Data records:
● ● ● ● ● ● ●
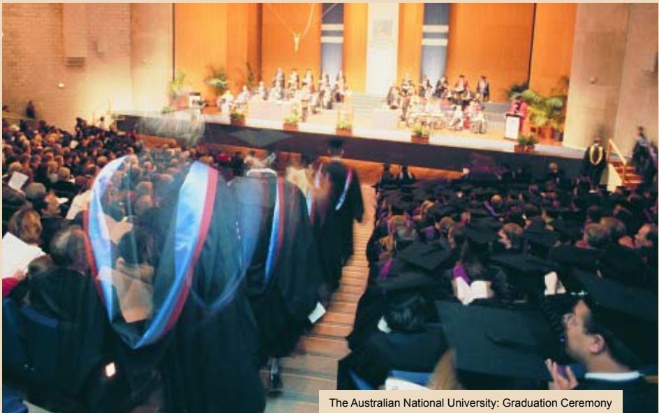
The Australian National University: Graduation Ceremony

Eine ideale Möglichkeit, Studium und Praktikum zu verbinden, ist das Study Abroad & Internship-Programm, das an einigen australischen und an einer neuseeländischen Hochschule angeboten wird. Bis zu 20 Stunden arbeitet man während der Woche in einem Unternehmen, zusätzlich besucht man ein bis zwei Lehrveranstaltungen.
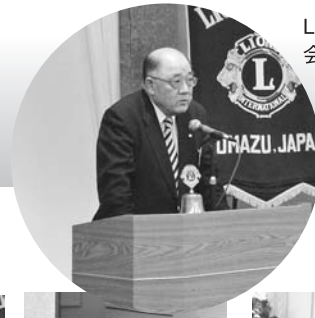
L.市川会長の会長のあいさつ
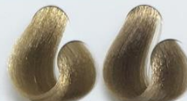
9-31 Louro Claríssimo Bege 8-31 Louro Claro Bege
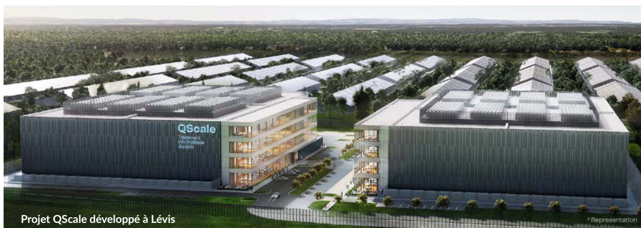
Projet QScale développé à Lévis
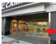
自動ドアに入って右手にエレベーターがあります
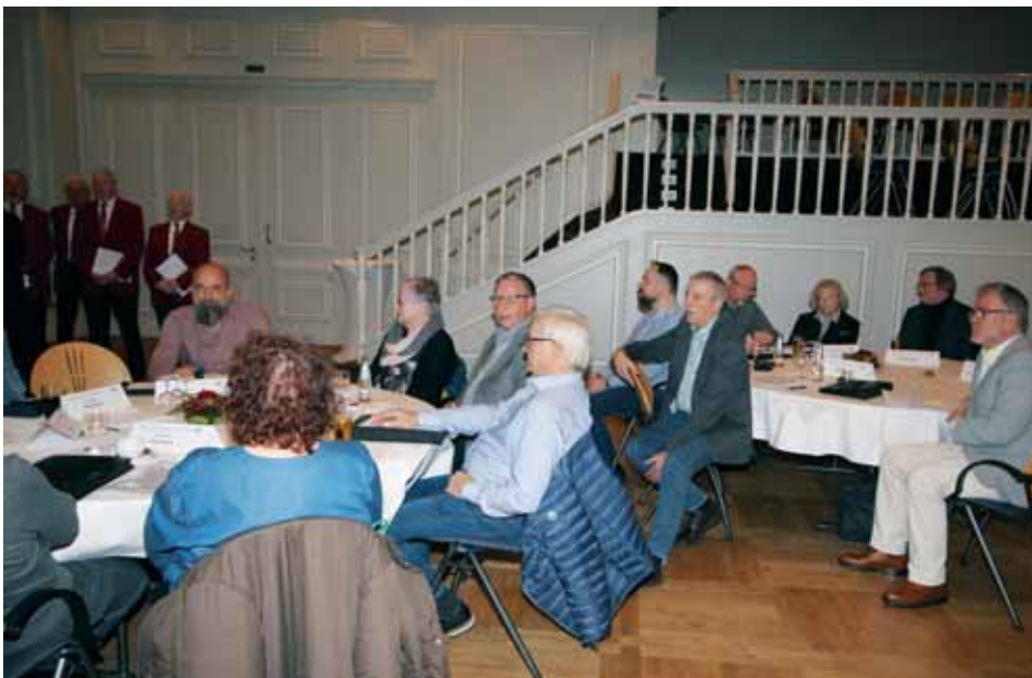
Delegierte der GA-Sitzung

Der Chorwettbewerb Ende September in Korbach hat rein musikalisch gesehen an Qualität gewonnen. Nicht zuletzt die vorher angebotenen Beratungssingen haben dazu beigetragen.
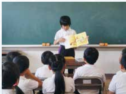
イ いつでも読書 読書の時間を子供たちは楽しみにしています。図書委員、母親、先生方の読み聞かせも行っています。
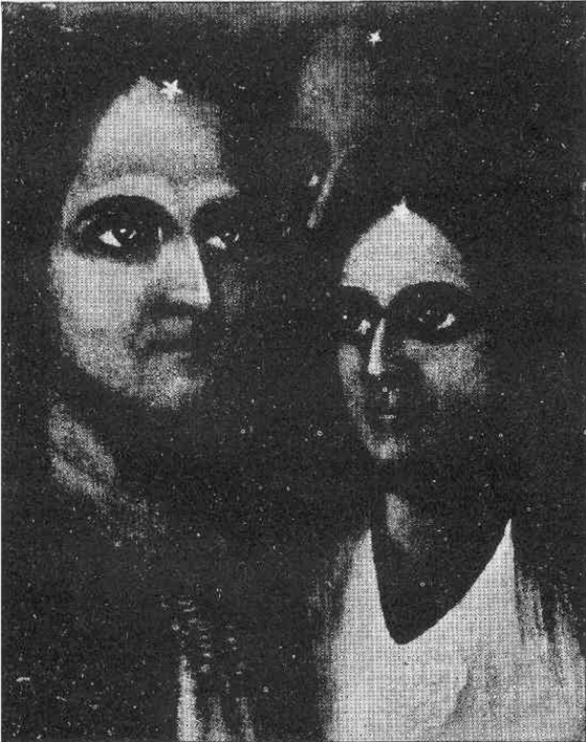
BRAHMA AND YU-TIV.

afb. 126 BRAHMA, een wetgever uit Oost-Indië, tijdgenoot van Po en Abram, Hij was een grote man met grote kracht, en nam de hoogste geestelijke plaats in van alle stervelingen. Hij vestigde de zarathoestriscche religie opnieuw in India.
● ● ● ● ● ● ●
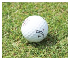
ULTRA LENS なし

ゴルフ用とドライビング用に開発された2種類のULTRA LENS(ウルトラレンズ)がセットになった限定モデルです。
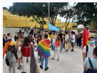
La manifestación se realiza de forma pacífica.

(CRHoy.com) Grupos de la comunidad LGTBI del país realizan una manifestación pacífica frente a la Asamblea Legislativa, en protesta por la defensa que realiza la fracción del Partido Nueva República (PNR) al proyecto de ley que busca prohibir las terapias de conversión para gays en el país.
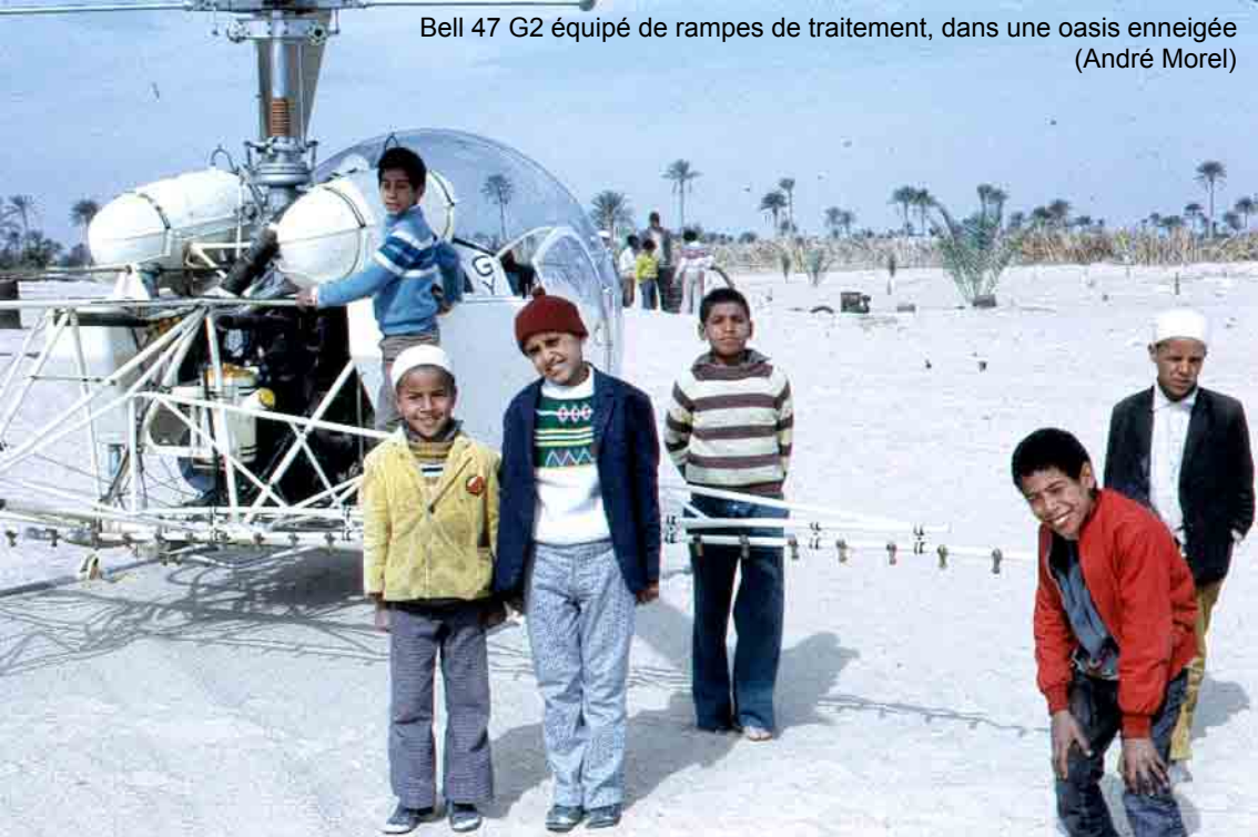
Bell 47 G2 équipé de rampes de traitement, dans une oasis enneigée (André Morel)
● ● ● ● ● ● ●
Exercise directions:
Although the records hold pictures, the copy must not; give again exactly the lines from the one with "L.市川会長の会長のあいさつ" through the one with "afb. 126 BRAHMA, een".

Answer space:
L.市川会長の会長のあいさつ
9-31 Louro Claríssimo Bege 8-31 Louro Claro Bege
Projet QScale développé à Lévis
自動ドアに入って右手にエレベーターがあります
Delegierte der GA-Sitzung

Der Chorwettbewerb Ende September in Korbach hat rein musikalisch gesehen an Qualität gewonnen. Nicht zuletzt die vorher angebotenen Beratungssingen haben dazu beigetragen.
イ いつでも読書 読書の時間を子供たちは楽しみにしています。図書委員、母親、先生方の読み聞かせも行っています。
BRAHMA AND YU-TIV.

afb. 126 BRAHMA, een wetgever uit Oost-Indië, tijdgenoot van Po en Abram, Hij was een grote man met grote kracht, en nam de hoogste geestelijke plaats in van alle stervelingen. Hij vestigde de zarathoestriscche religie opnieuw in India.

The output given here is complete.